MatchCategories#

MatchCategories() ensures that categorical variables are encoded as pandas ‘categorical’ dtype instead of generic python ‘object’ or other dtypes.

Under the hood, ‘categorical’ dtype is a representation that maps each category to an integer, thus providing a more memory-efficient object structure than, for example, ‘str’, and allowing faster grouping, mapping, and similar operations on the resulting object.

MatchCategories() remembers the encodings or levels that represent each category, and can thus can be used to ensure that the correct encoding gets applied when passing categorical data to modeling packages that support this dtype, or to prevent unseen categories from reaching a further transformer or estimator in a pipeline, for example.
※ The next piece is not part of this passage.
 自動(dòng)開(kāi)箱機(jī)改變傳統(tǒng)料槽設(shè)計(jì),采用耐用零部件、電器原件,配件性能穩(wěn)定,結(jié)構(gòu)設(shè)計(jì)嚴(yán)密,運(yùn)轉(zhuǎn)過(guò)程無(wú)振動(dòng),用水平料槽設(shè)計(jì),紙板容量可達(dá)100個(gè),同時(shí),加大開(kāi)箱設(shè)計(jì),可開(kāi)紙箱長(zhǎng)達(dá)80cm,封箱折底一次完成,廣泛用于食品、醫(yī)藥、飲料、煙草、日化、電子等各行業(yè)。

Let’s explore this with an example. First we load the Titanic dataset and split it into a train and a test sets:

from feature_engine.preprocessing import MatchCategories
from feature_engine.datasets import load_titanic

# Load dataset
data = load_titanic(
    predictors_only=True,
    handle_missing=True,
    cabin="letter_only",
)

data['pclass'] = data['pclass'].astype('O')

# Split test and train
train = data.iloc[0:1000, :]
test = data.iloc[1000:, :]

Now, we set up MatchCategories() and fit it to the train set.

# set up the transformer
match_categories = MatchCategories(missing_values="ignore")
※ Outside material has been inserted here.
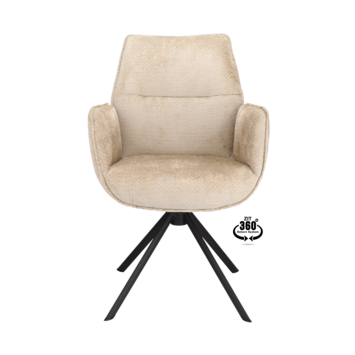 De eetkamerstoel Onne Movie desert beige chenille stof met armleuning is een stijlvolle draaistoel die comfort en elegantie moeiteloos combineert. De zachte chenille bekleding in de kleur desert beige voelt warm en uitnodigend aan en voegt een verfijnde, moderne uitstraling toe aan jouw eetruimte. De zwarte metalen poten zorgen daarbij voor een krachtig, eigentijds accent.
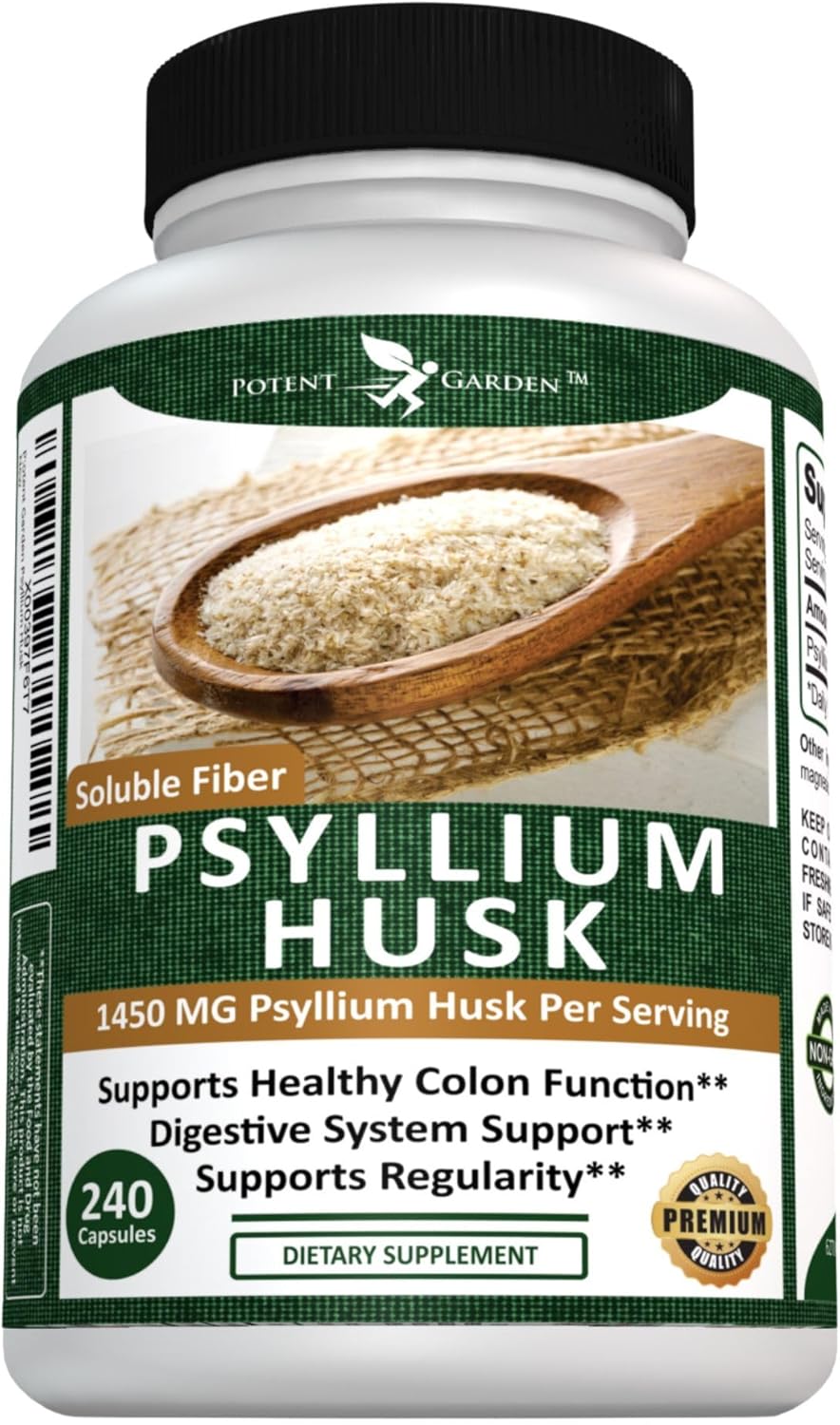 Potent Garden Psyllium Husk Capsules All Natural & Powerful Soluble Dietary Fiber Supplement Helps Support Regularity & Digestion, 240 Caps

# learn the mapping of categories to integers in the train set
match_categories.fit(train)

MatchCategories() stores the mappings from the train set in its attribute:

# the transformer stores the mappings for categorical variables
match_categories.category_dict_
{'pclass': Int64Index([1, 2, 3], dtype='int64'),
 'sex': Index(['female', 'male'], dtype='object'),
 'cabin': Index(['A', 'B', 'C', 'D', 'E', 'F', 'M', 'T'], dtype='object'),
 'embarked': Index(['C', 'Missing', 'Q', 'S'], dtype='object')}

If we transform the test dataframe using the same match_categories object, categorical variables will be converted to a ‘category’ dtype with the same numeration (mapping from categories to integers) that was applied to the train dataset:

# encoding that would be gotten from the train set
train.embarked.unique()
array(['S', 'C', 'Missing', 'Q'], dtype=object)
# encoding that would be gotten from the test set
test.embarked.unique()
array(['Q', 'S', 'C'], dtype=object)
# with 'match_categories', the encoding remains the same
match_categories.transform(train).embarked.cat.categories
Index(['C', 'Missing', 'Q', 'S'], dtype='object')
# this will have the same encoding as the train set
match_categories.transform(test).embarked.cat.categories
Index(['C', 'Missing', 'Q', 'S'], dtype='object')
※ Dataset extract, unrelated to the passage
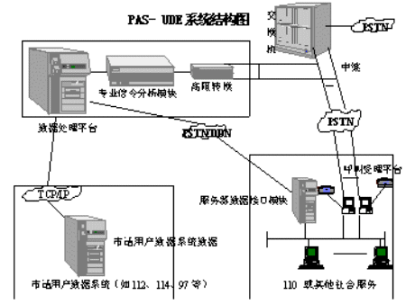 為了滿足各類社會應急與服務呼叫系統(tǒng)對電話用戶資料的需要,同時又解決電信部門對用戶資料數(shù)據(jù)庫的保密和安全要求,我公司成功開發(fā)了PAS-UDE(User Data Extract)電話信息回送系統(tǒng),并成為110聯(lián)網(wǎng)接口設備開發(fā)生產(chǎn)入網(wǎng)廠商。

If some category was not present in the training data, it will not mapped to any integer and will thus not get encoded. This behavior can be modified through the parameter errors:

# categories present in the train data
train.cabin.unique()
array(['B', 'C', 'E', 'D', 'A', 'M', 'T', 'F'], dtype=object)
# categories present in the test data - 'G' is new
test.cabin.unique()
array(['M', 'F', 'E', 'G'], dtype=object)
match_categories.transform(train).cabin.unique()
['B', 'C', 'E', 'D', 'A', 'M', 'T', 'F']
Categories (8, object): ['A', 'B', 'C', 'D', 'E', 'F', 'M', 'T']
# unseen category 'G' will not get mapped to any integer
match_categories.transform(test).cabin.unique()
['M', 'F', 'E', NaN]
Categories (8, object): ['A', 'B', 'C', 'D', 'E', 'F', 'M', 'T']

When to use the transformer#

This transformer is useful when creating custom transformers for categorical columns, as well as when passing categorical columns to modeling packages which support them natively but leave the variable casting to the user, such as lightgbm or glum.